You can download the preceding files from the Confluent Maven repository.

There are also some other JAR files required to be located into the Connect plugin directory:

avro
commons-compress
failureaccess
guava
minimal-json
re2j
slf4j-api
snakeyaml
swagger-annotations
jackson-databind
jackson-core
jackson-annotations
jackson-dataformat-csv
logredactor
logredactor-metrics

You can download the preceding files from the Maven repository.

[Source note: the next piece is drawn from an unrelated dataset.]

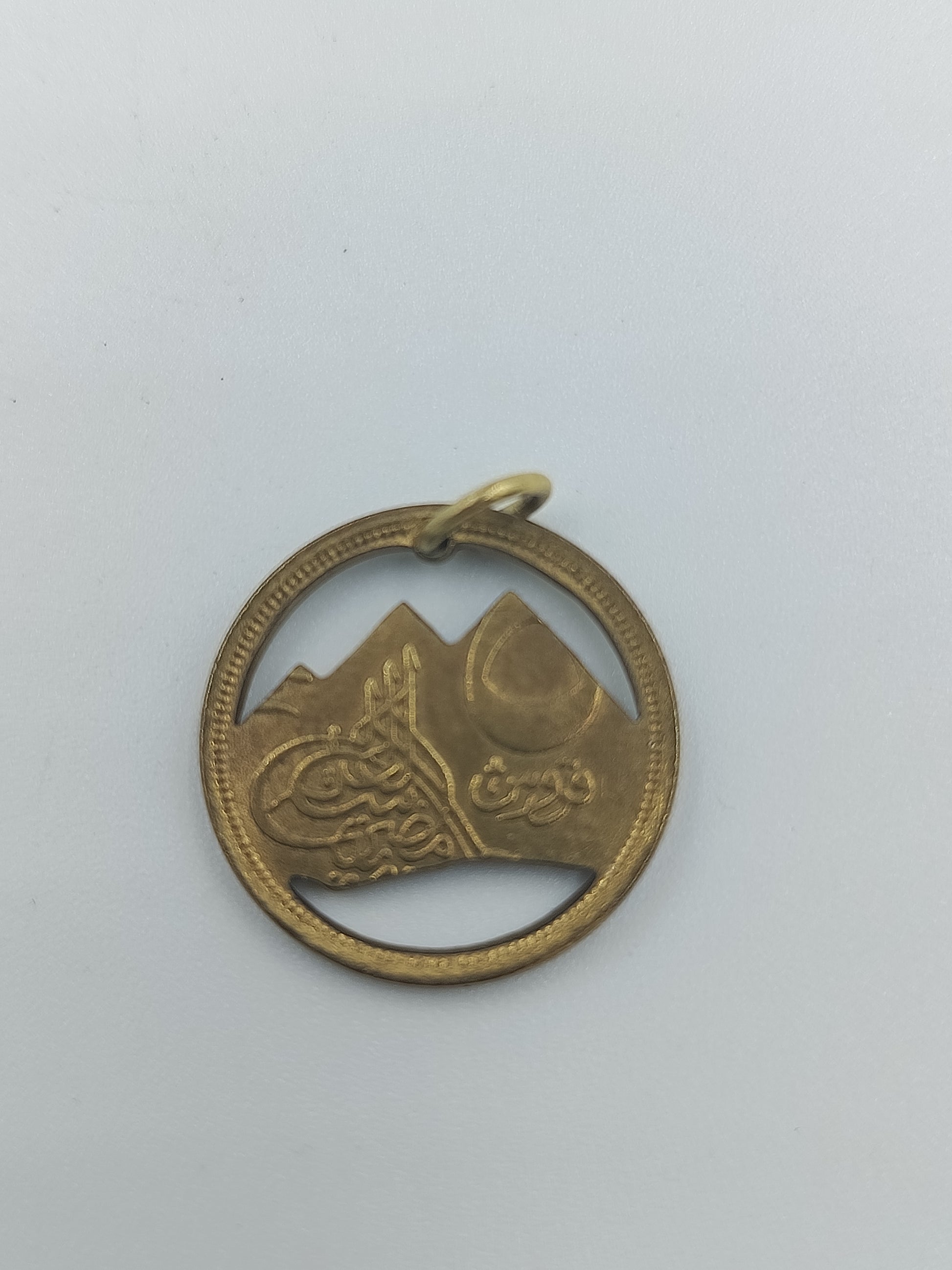 Kleiner runder Anhänger aus Messing oder vergoldetem Metall, mit filigraner Aussparung und dekorativer Gravur. Auf der Vorderseite sind arabische Schriftzeichen und ein Halbmond-Motiv zu sehen, die Rückseite ist glatt.

The configuration is slightly different.

In your Debezium connector configuration, specify the following properties:

key.converter=io.confluent.connect.avro.AvroConverter
key.converter.schema.registry.url=http://localhost:8081
value.converter=io.confluent.connect.avro.AvroConverter
value.converter.schema.registry.url=http://localhost:8081

Deploy an instance of the Confluent Schema Registry:

docker run -it --rm --name schema-registry \
    --link kafka \
    -e SCHEMA_REGISTRY_KAFKASTORE_BOOTSTRAP_SERVERS=kafka:9092
    -e SCHEMA_REGISTRY_HOST_NAME=schema-registry \
    -e SCHEMA_REGISTRY_LISTENERS=http://schema-registry:8081 \
    -p 8181:8181 confluentinc/cp-schema-registry

Run a Kafka Connect image configured to use Avro:

docker run -it --rm --name connect \
    --link kafka:kafka \
    --link mysql:mysql \
    --link schema-registry:schema-registry \
    -e GROUP_ID=1 \
    -e CONFIG_STORAGE_TOPIC=my_connect_configs \
    -e OFFSET_STORAGE_TOPIC=my_connect_offsets \
    -e KEY_CONVERTER=io.confluent.connect.avro.AvroConverter \
    -e VALUE_CONVERTER=io.confluent.connect.avro.AvroConverter \
    -e CONNECT_KEY_CONVERTER_SCHEMA_REGISTRY_URL=http://schema-registry:8081 \
    -e CONNECT_VALUE_CONVERTER_SCHEMA_REGISTRY_URL=http://schema-registry:8081 \
    -p 8083:8083 quay.io/debezium/connect:3.1

Run a console consumer that reads new Avro messages from the db.myschema.mytable topic and decodes to JSON:

docker run -it --rm --name avro-consumer \
    --link kafka:kafka \
    --link mysql:mysql \
    --link schema-registry:schema-registry \
    quay.io/debezium/connect:3.1 \
    /kafka/bin/kafka-console-consumer.sh \
      --bootstrap-server kafka:9092 \
      --property print.key=true \
      --formatter io.confluent.kafka.formatter.AvroMessageFormatter \
      --property schema.registry.url=http://schema-registry:8081 \
      --topic db.myschema.mytable

Naming

As stated in the Avro documentation, names must adhere to the following rules:

Start with [A-Za-z_]
Subsequently contains only [A-Za-z0-9_] characters

Debezium uses the column’s name as the basis for the corresponding Avro field. This can lead to problems during serialization if the column name does not also adhere to the Avro naming rules. Each Debezium connector provides a configuration property, field.name.adjustment.mode that you can set to avro if you have columns that do not adhere to Avro rules for names. Setting field.name.adjustment.mode to avro allows serialization of non-conformant fields without having to actually modify your schema.

Getting More Information

This post from the Debezium blog describes the concepts of serializers, converters, and other components, and discusses the advantages of using Avro. Some Kafka Connect converter details have slightly changed since that post was written.

For a complete example of using Avro as the message format for Debezium change data events, see MySQL and the Avro message format.